I didn't see the 60qt price but now see its $100 higher than a 65 yeti. The 35 and 100 are right in line with Yeti I thought. The tactical green looks nice and would like to see the moab also. Was asking since it looks like another option claiming to be made in the US.


----------



## Mr. Breeze

chris33 said:


> i will personally be purchasing a Brute because (1) it is made in the USA,(2) they are a 2cool sponsor, (3) they are less expensive and (4) it is the actual size that it states on the box. Thanks for making a great product and for the effort to improve our country.


x4 Also, Headquarters in Texas! If I read the web site correctly. Fort Worth.


----------



## SurfRookie

is against forum rules to set up a group buy to get even better pricing on the brute?:question:


----------



## krfish

After checking these coolers out, and seeing the quality and price I think my next cooler will be a Brute.


----------



## Bison Coolers

chris33 said:


> i will personally be purchasing a Brute because (1) it is made in the USA,(2) they are a 2cool sponsor, (3) they are less expensive and (4) it is the actual size that it states on the box. Thanks for making a great product and for the effort to improve our country.
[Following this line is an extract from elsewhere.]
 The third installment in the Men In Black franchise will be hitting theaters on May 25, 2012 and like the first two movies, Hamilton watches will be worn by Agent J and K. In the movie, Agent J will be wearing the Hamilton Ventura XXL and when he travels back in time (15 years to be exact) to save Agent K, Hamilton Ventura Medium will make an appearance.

Great to hear! Don't forget to use coupon code "2COOLFISHING" to save $15 or check out your local dealer to save on shipping!


----------



## Bison Coolers

We'll be at the Houston Boat Show from January 4-13 if you'd like to swing by and check out the cooler line! Thanks


----------



## krfish

Brute Outdoors said:


> We'll be at the Houston Boat Show from January 4-13 if you'd like to swing by and check out the cooler line! Thanks


Will y'all be at the Houston Fishing Show the last week of February?


----------



## Number_Five

So I'm in the market for a "super cooler" to replace my seat cooler on the boat. A couple of questions for Brute:

1. Which size would be a 1:1 replacements size for a 90 igloo marine cooler?
2. If I replace with a Brute cooler, can I get a seat cushion?
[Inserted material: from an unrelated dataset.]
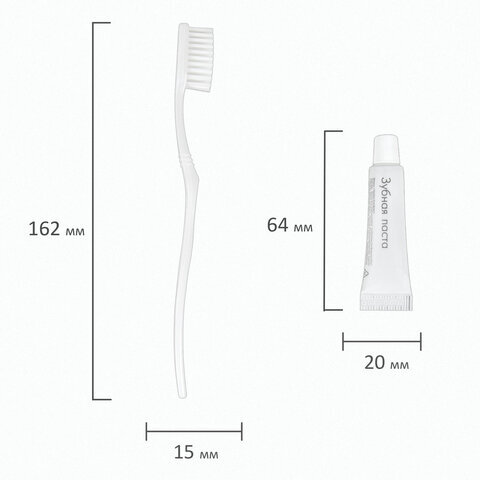 В наборе: зубная щетка, зубная паста в тюбике 5 г.

The size is very important as the aluminum holder is there, and I REALLY don't want to replace that too.

Five


----------



## Bison Coolers

Number_Five said:


> So I'm in the market for a "super cooler" to replace my seat cooler on the boat. A couple of questions for Brute:
> 
> 1. Which size would be a 1:1 replacements size for a 90 igloo marine cooler?
> 2. If I replace with a Brute cooler, can I get a seat cushion?
> 
> The size is very important as the aluminum holder is there, and I REALLY don't want to replace that too.
> 
> Five


Happy to help you out!

Several folks have told me that our 75 Quart fits the aluminum rack that comes standard on a lot of boats. Dimensions are about 32.5" x 15" x 17.5" at the base of the cooler. I haven't sen it first hand but I've been told multiple times they fit it really well as a direct replacement.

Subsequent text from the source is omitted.